By Dana Sung and Alex LaSalvia
A group of 133 Boston University students released a statement on social media Tuesday under the name “Black BU” expressing their opposition to conservative pundit Ben Shapiro’s Nov. 13 talk, which is titled “America Was Not Built On Slavery, It Was Built On Freedom.”
“We do not speak for the 900 Black faces on this campus, but we do speak for the 133 students who mobilized on November 11, 2019,” the group wrote.
The students met Monday to organize and draft their statement and again Tuesday night to discuss the protest.
The group plans on having a “Black BU Mobilization” Wednesday in the Howard Thurman Center and marching at 4:30 p.m. from Marsh Plaza to Shapiro’s talk at the Track and Tennis Center in West Campus.
“Abandoned, triggered, frustrated, disheartened, devalued, infuriated, overwhelmed, ignored, and embarrassed of BU,” the group wrote. “This is how we feel. This is how BU has made us feel. This is how our peers, the Young Americans for Freedom and those who condone their actions have made us feel.”
Black BU also talked about black history and black history in BU, specifically, and how important that aspect is in the context of the Ben Shapiro event.
“This school constantly boasts about their most famous alumni, Dr. Martin Luther King, Jr.,” the group wrote, “but by endorsing a conversation titled, ‘America Was Not Built on Slavery, It Was Built on Freedom’ this institution is ostracizing the very community that Dr. Martin Luther King Jr. fought for.”

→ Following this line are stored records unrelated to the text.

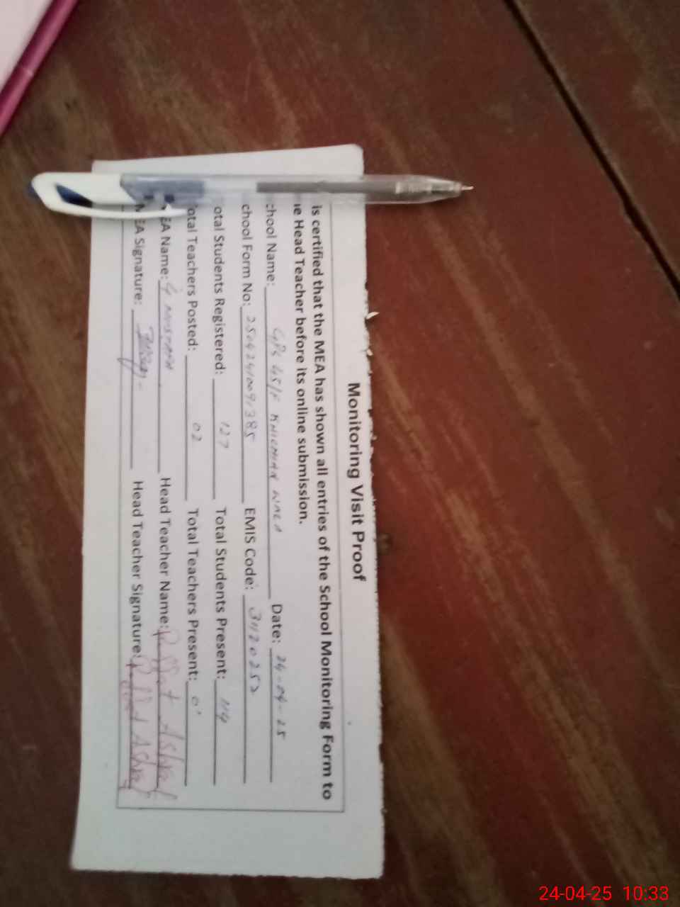 | Attendance Register | Head Teacher | MEA with School | Visit Proof |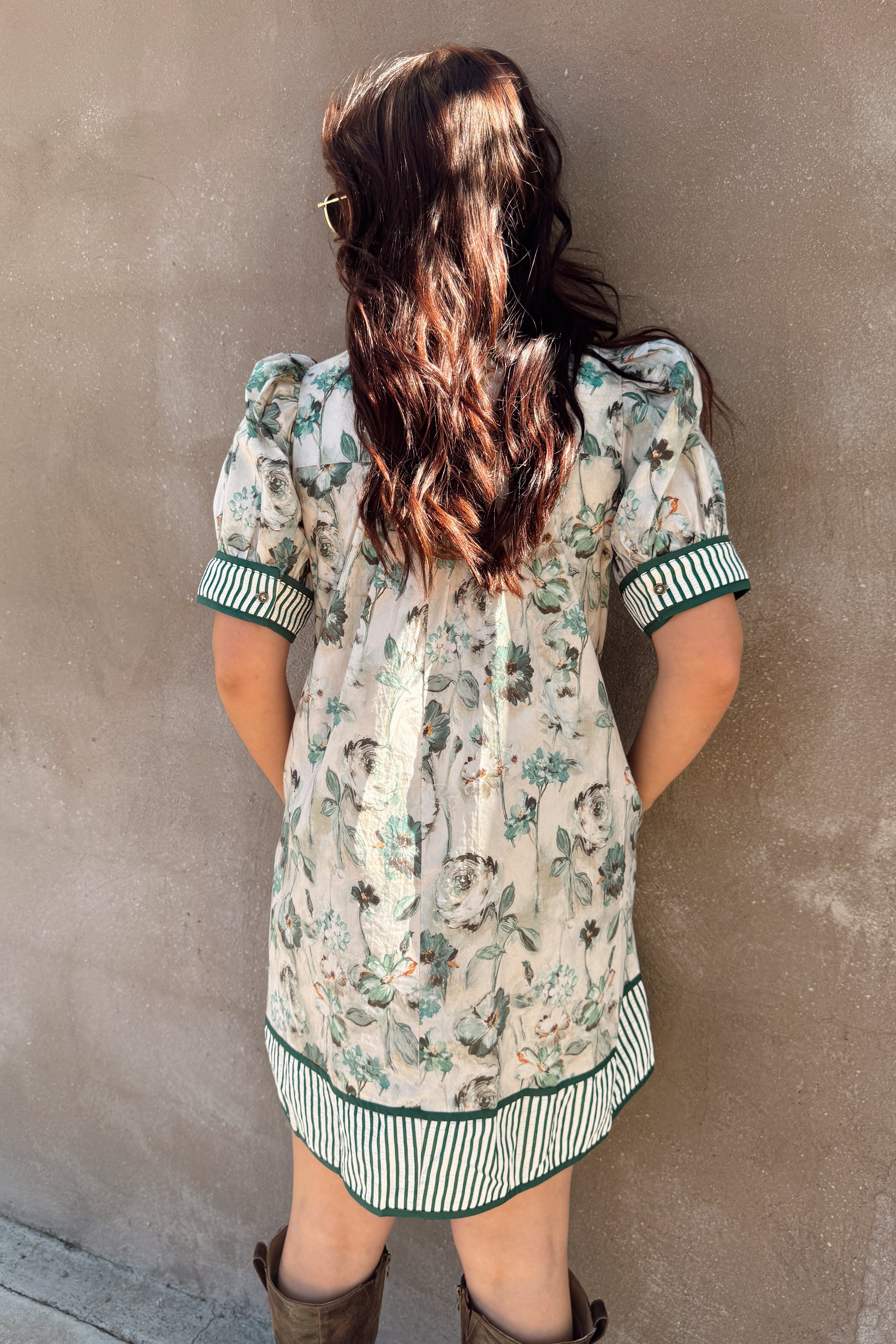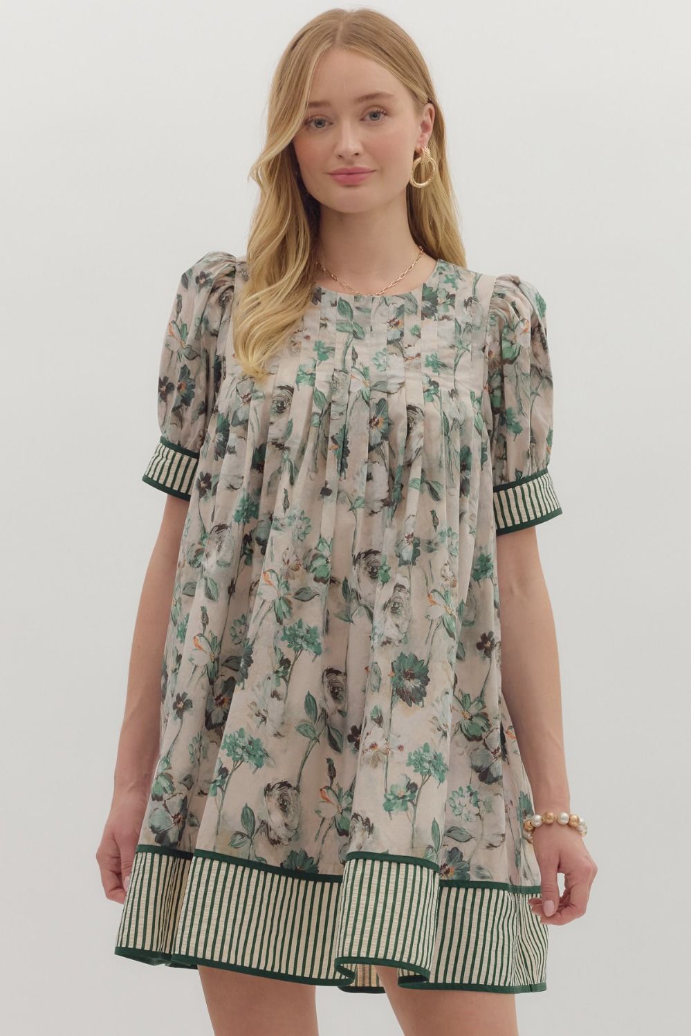 Earthy, easy, and full of charm. This pleated cotton dress features a soft floral print in deep greens and muted tones, set against a light beige background that keeps things breezy. The short puff sleeves are finished with a striped cuff band that adds a playful contrast, echoed again at the striped hem for a subtle pop. A single button keyhole closure at the back neck adds a delicate detail, while side pockets bring in everyday practicality. Made from 100% cotton, the fabric is lightweight, woven, and fully lined, with a relaxed fit that moves easily and layers well. It’s a piece that feels casual but thoughtful—perfect for warm days or early fall.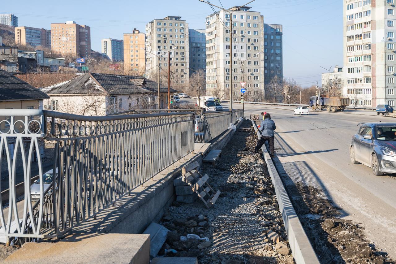 На Баляевском путепроводе во Владивостоке ремонтируют пешеходные зоны.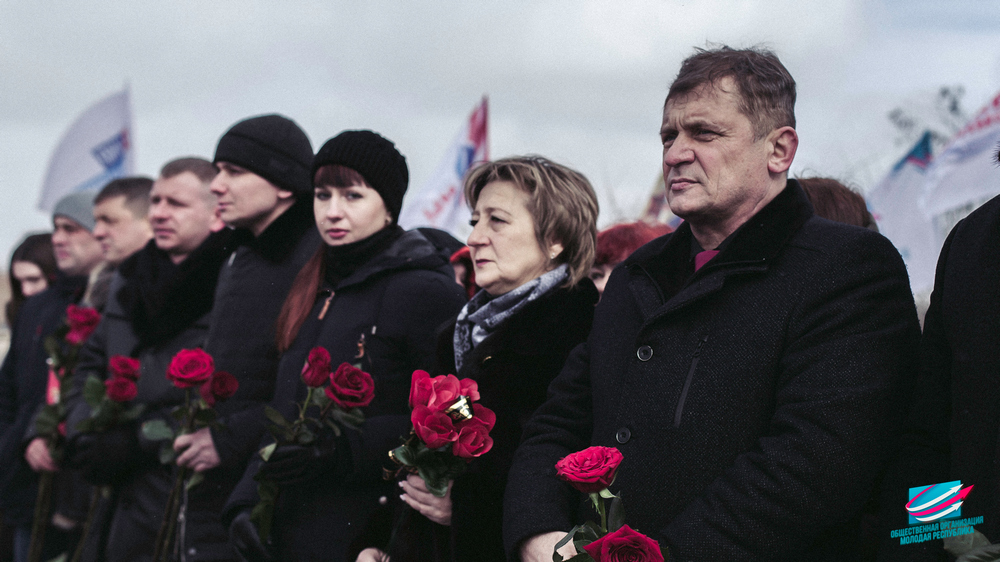 Участники митинга возложили цветы к памятному знаку погибшим в 2014-2015 годах и развернули 200-метровое Знамя Победы.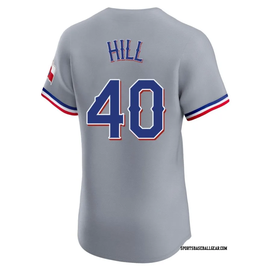 Get the Derek Hill Men's Texas Rangers Gray Elite Road Jersey, showcasing the latest design and premium quality for dedicated fans. Elevate your baseball wardrobe now!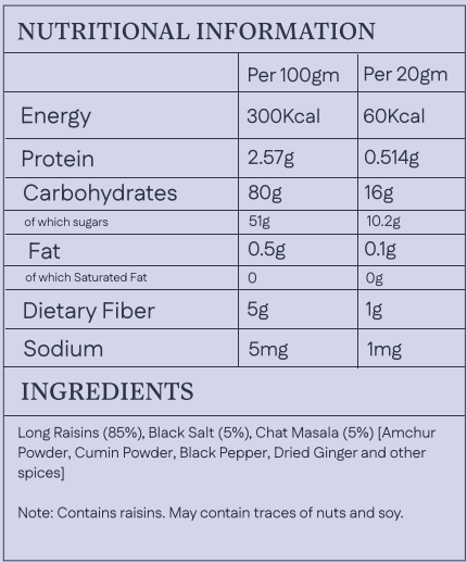Long Raisins (85%), Black Salt (5%), Chat Masala (5%) [Amchur Powder, Cumin Powder, Black Pepper, Dried Ginger and other spices]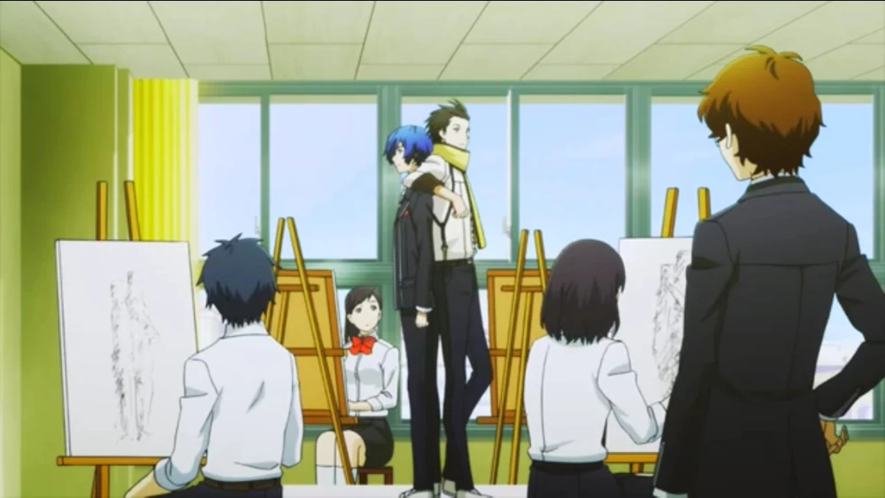 The two spend alot more time together than in the game, such as Ryoji forming a "Helpers Club", where him and Makoto do tasks for other students for a fee. Ryoji holds Makoto's hand while going around the school, yelling how they'll be helping anyone who needs it, which catches Aigis' attention and starts stalking them. They help one of Makoto's friends, Fuuka, reconcile with her best friend, as well as pose together for the artist's club.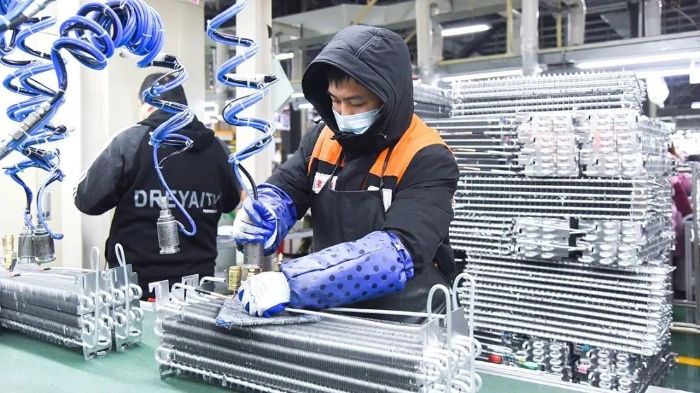 作為海陵智慧家電產業鏈的鏈主企業,2022年樂金電子實現工業開票銷售93億元,“鏈”起本地配套企業突破30家,產業鏈規模超150億元,其中17家已成為規上企業,涵蓋主控板、電機、壓塑機零部件等產品,產業鏈條完整。 蒸發器和冷凝器是空調、冰箱等制冷設備中的重要部件。位于海陵工業園區的泰州仕達利恩電子有限公司是一家韓國獨資企業,主要生產銷售片式元器件、光電子器件及冰箱零配件。步入生產車間,產品通過傳送帶送到每個工序,一條生產線近30名工作人員配合默契。“我們目前有13條生產線,年產蒸發器冷凝器500萬套。2022年,企業實現工業開票銷售4.89億元。”公司管理部科長樸成介紹。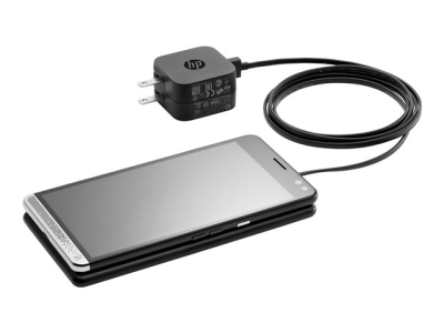 Réduisez l'encombrement des câbles et ne perdez plus de temps à rechercher le bon adaptateur grâce au chargeur sans fil HP Elite x3 toujours prêt et disponible en continu, qui utilise la technologie de charge inductive Qi pour charger votre HP Elite x3 sans fil.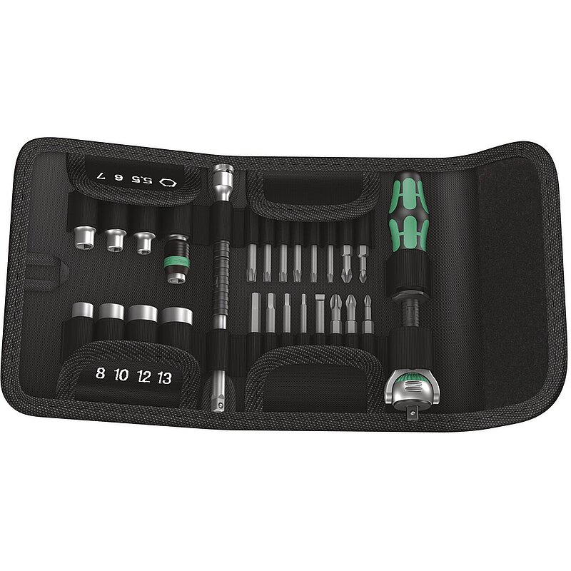 Ratschen und Schrauben im Kraftform Kompakt Format. Inklusive Zyklop-Knarre: Unglaublich hohe Schraubgeschwindigkeit. Vereinigt 5 Knarrentypen in einer Knarre. Schwungmassenkonstruktion und griffige Schnelldrehhülse für hohe Arbeitsgeschwindigkeit. Frei schwenkbarer Knarrenkopf; definierte Stellung bei 0°, 90° nach links und rechts sowie 15° von 90° nach innen; in 0°-Stellung einsetzbar wie ein konventioneller Schraubendreher. Einfache Druckknopfauslösung; Links- /Rechtsumschaltung, feinverzahnt, kleiner Rückholwinkel von 5°. Mehrkomponentiger Kraftform-Griff für ermüdungsarmes Arbeiten. 26-teilig in Falttasche zur Befestigung am Gürtel.1 Zyklop-Knarre mit 1/4"-Antrieb, 7 Zyklop-Nüsse (metrisch), 1 Zyklop-Verlängerung (lang) mit Schnelldrehhülse, 1 Verbindungsteil, 16 Bits in 50 mm Länge.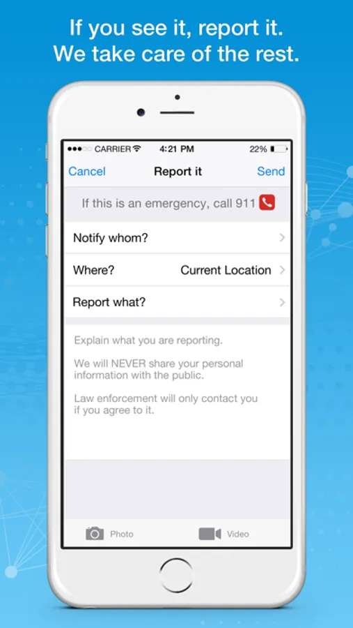 • “Report it!” lets you contribute to your community’s safety. Share crime tips, traffic alerts, broken mains, fallen trees … even lost pets! Add related photos/videos to each report.
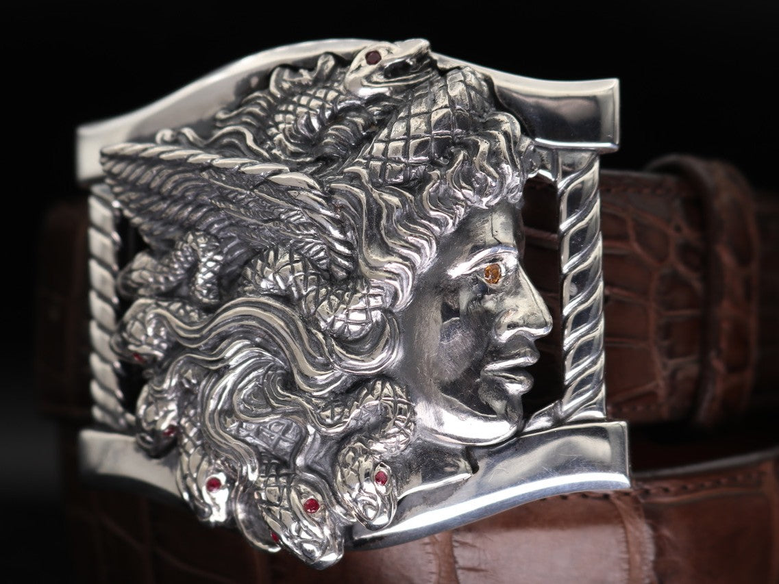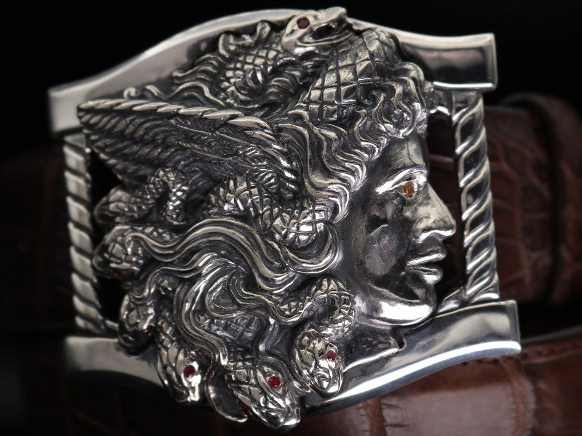 This custom interpretation of the Medusa buckle is rendered in sterling silver and set with twelve rubies, placed within the eyes of each serpent. The stones, measuring approximately 2–2.5 mm, introduce a subtle depth of color that enhances the sculptural detail while reinforcing the enduring symbolism of strength and protection associated with the Medusa motif. Medusa herself has a hand set cognac diamond for her eye.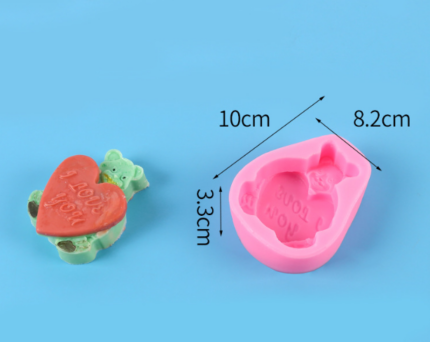 Teddy Bear holding heart i love you silicone mould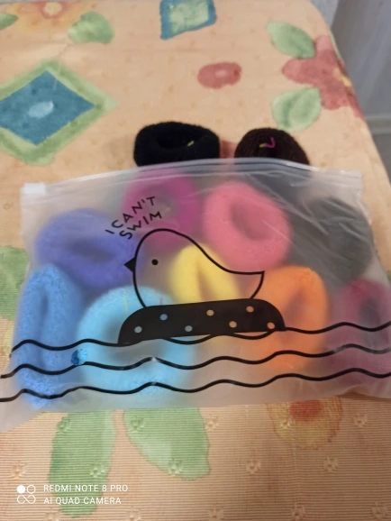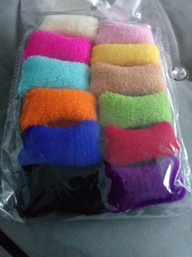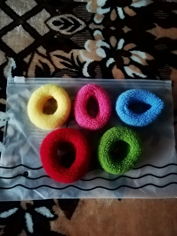 Резинки хороши. Цвета отличные. Но после первого использования они растянулись и стали в два раза больше по диаметру, надо их накручивать на волосы большее количество раз. В итоге они смотрятся туго, не то чтобы так бахрамисто. Но из-за цвета они все же ярки и заметны.

Shapiro responded to Black BU’s statement to The Daily Wire, saying he has never downplayed the significance of slavery.
“It’s supremely typical of campus radicals to dismiss the content of a speech they haven’t heard, and to pre-emptively mischaracterize its content,” Shapiro said. “The darknesses of our past are an essential part of our story, but they are not what makes America unique and special.”